Google launched the Library Print project on Thursday and Amazon.com announced that it would offer online access to any page or section of a book, as well as the entire book. There is quite a bit of confusion, even in the publishing industry, about what these programs are so here’s my cheatsheet.
Google Print and the Google Print Library Project are two different programs.
Google Print is like Amazon’s Search Inside the Book. Publishers sign on to the program and provide a copy of their books so that Google/Amazon can scan and index the work. Google and Amazon offer users limited access to the book based on the user’s search terms–a limited number of pages forward or backward and a limited percentage of the total book. With Google, publishers are able to access site statistics on the number of times the title was viewed, the click-throughs on the Buy the Book links, and other goodies I’m sure. As a publisher you could use that information to optimize your own website pages and the descriptions of the book you provide to Amazon, Indigo, Barnes & Noble, etc. There is no fee to sign on to the program, however, publishers incur the cost of shipping titles to be scanned.
Google Print Library Project is the one caught up in US courtcases. In this program, Google has partnered with key US libraries to scan their entire collections (New York Public Library and the university libraries at Stanford, Harvard, Michigan and Oxford).

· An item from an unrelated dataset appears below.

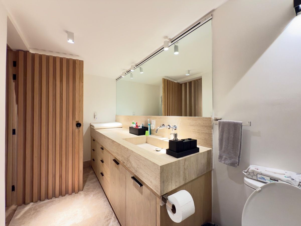 • Persianas no andar superior e cortinas blackout elétricas em todos os quartos

The portion of the book made available to the user is dependent on the copyright. If the book is in the public domain then the whole book is accessible online. If the book is protected by copyright only the bibliographic data (title, author, publisher, etc.) is accessible plus a small except to provide context to the search term used.
Amazon Pages program allows users to “un-bundle” any of the books in the program. (It’s unclear to me how they determine which books are part of the program or which publishers Amazon is partnering with–maybe they haven’t worked out the details, the services are not yet available.) In the Amazon Pages program the user can choose to buy just the pages or sections needed and read them online.
Amazon Upgrade allows customers buying a physical copy of the book to also have the book available online for reading.
I’m interested in how the Amazon programs pan out because it seems they will run into publishers who have problems with how digital rights were assigned in author contracts and/or publishers who already provide ebook versions, again a rights conflict. The difference in approach will also be interesting to observe. Will Amazon engage with publishers in a different way than Google? For publishers, Amazon is another customer, they are a bookseller and there is an existing financial arrangement in place based on selling books. Not the case with Google. Google is making its money by increasing the number of pages it has indexed so that it can generate revenue off the ads it places on those pages. The unsung point so far in the Google discussions is that publishers in the Google Print program share in the ad revenue.